Comment 3 Steve Ford 2018-10-08 08:11:41 MDT

Dominik,

I reverted our production server back to 17.11.7 for now. I'm going to change this to a severity 2.

Comment 4 Dominik Bartkiewicz 2018-10-08 08:46:50 MDT

Hi

Good to know that you are "up" now.

Could you send also job_gres_ptr?
t 1
f 0
p *job_gres_ptr

Dominik

Comment 5 Dominik Bartkiewicz 2018-10-08 09:38:29 MDT

Hi

I can recreate this issue. I will let you know when I fix this.

Dominik

Comment 7 Dominik Bartkiewicz 2018-10-08 10:16:26 MDT

Hi

I have the preliminary patch now, but it still needs some review, let me know if you need it.
I suggest staying on 17.11 slurmctld until it will be officially in git repo.


Dominik

Comment 9 Steve Ford 2018-10-08 11:04:25 MDT

Dominik,

That's good news! We are aiming to be on 18.08.1 by next Monday. Do you think this internal review will be done by then?

Thanks,
Steve

Comment 10 Dominik Bartkiewicz 2018-10-08 15:13:16 MDT

Hi

If it wasn't US holiday, it would be done already. Because of Columbus Day, it will take a little bit longer, it should be in repo tomorrow.

Dominik

Comment 14 Steve Ford 2018-10-10 14:01:28 MDT

Hey Dominik,

I'm hoping to do this upgrade later this evening. Will this patch be available today?

Thanks,
Steve

Comment 19 Danny Auble 2018-10-10 15:21:56 MDT

Comment on attachment 7994 [details]
Patch to create structures outside of if

Steve, please use this patch it should get you what you need.  It will be in 18.08.2 which will probably be tagged in a few weeks commit 33f8f22d.

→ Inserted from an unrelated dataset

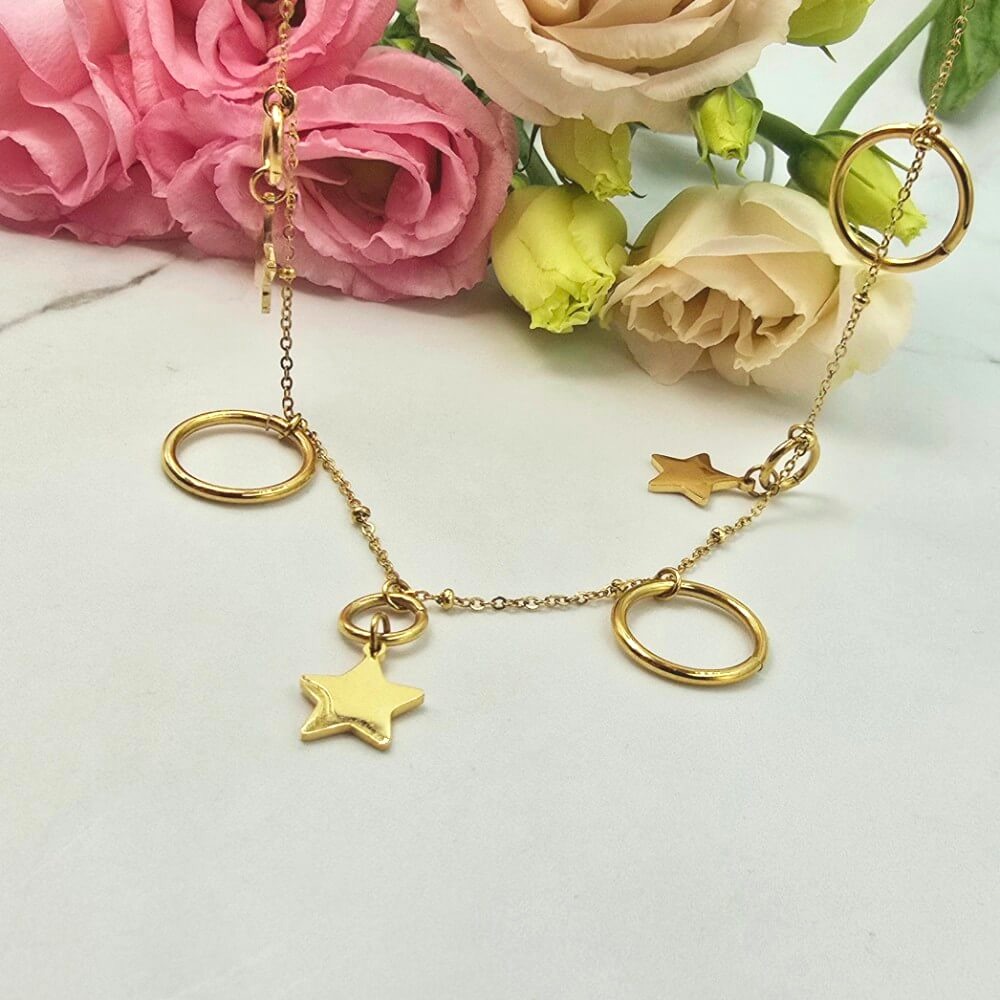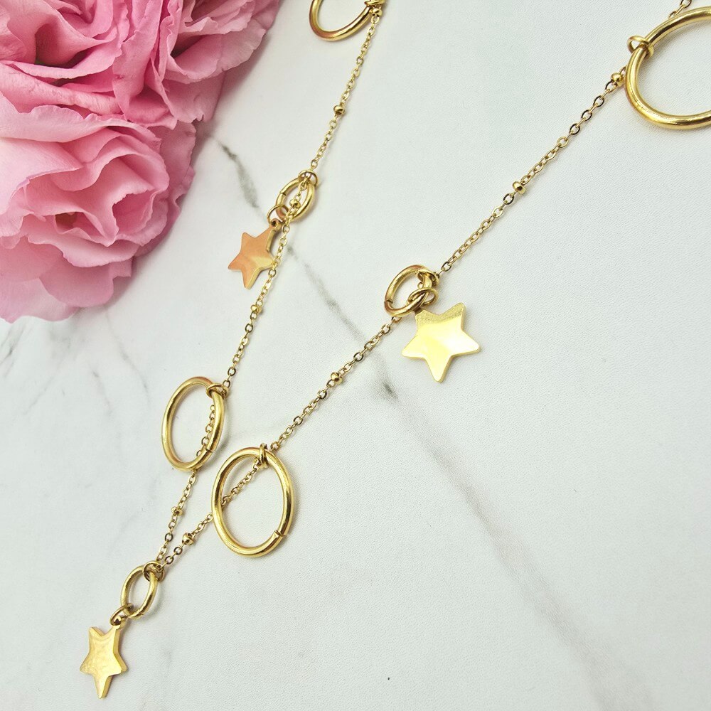 Świetny klasyczny naszyjnik Celebrytka z przywieszkami gwiazdki i kółka. Całość wykonana ze stali chirurgicznej.

Comment 21 Steve Ford 2018-10-11 07:18:00 MDT

Danny,

We updated using this patch and slurmctld runs, however, we're seeing a lot of the following errors in the log:

[2018-10-10T21:28:54.125] error: gres/gpu: job 326801 dealloc node nvl-006 topo gres count underflow (0 4)
[2018-10-10T21:28:54.125] error: gres/gpu: job 326801 dealloc node nvl-006 type v100 gres count underflow (0 4)
[2018-10-10T21:28:54.127] error: gres/gpu: job 303352 dealloc node nvl-002 topo gres count underflow (0 1)
[2018-10-10T21:28:54.127] error: gres/gpu: job 303352 dealloc node nvl-002 type v100 gres count underflow (0 1)
[2018-10-10T21:28:54.127] error: gres/gpu: job 326800 dealloc node nvl-006 topo gres count underflow (1 4)
[2018-10-10T21:28:54.127] error: gres/gpu: job 326800 dealloc node nvl-006 type v100 gres count underflow (0 4)
[2018-10-10T21:28:54.127] error: gres/gpu: job 326801 dealloc node nvl-006 topo gres count underflow (0 4)
[2018-10-10T21:28:54.128] error: gres/gpu: job 326801 dealloc node nvl-006 type v100 gres count underflow (0 4)
[2018-10-10T21:28:54.155] error: gres/gpu: job 303352 dealloc node nvl-002 topo gres count underflow (0 1)
[2018-10-10T21:28:54.155] error: gres/gpu: job 303352 dealloc node nvl-002 type v100 gres count underflow (0 1)
[2018-10-10T21:28:54.157] error: gres/gpu: job 303352 dealloc node nvl-002 topo gres count underflow (0 1)
[2018-10-10T21:28:54.157] error: gres/gpu: job 303352 dealloc node nvl-002 type v100 gres count underflow (0 1)
[2018-10-10T21:28:54.160] error: gres/gpu: job 303352 dealloc node nvl-002 topo gres count underflow (0 1)
[2018-10-10T21:28:54.160] error: gres/gpu: job 303352 dealloc node nvl-002 type v100 gres count underflow (0 1)
[2018-10-10T21:28:54.174] error: gres/gpu: job 326800 dealloc node nvl-006 topo gres count underflow (1 4)
[2018-10-10T21:28:54.174] error: gres/gpu: job 326800 dealloc node nvl-006 type v100 gres count underflow (0 4)
[2018-10-10T21:28:54.174] error: gres/gpu: job 326801 dealloc node nvl-006 topo gres count underflow (0 4)
[2018-10-10T21:28:54.174] error: gres/gpu: job 326801 dealloc node nvl-006 type v100 gres count underflow (0 4)
[2018-10-10T21:28:54.177] error: gres/gpu: job 326800 dealloc node nvl-006 topo gres count underflow (1 4)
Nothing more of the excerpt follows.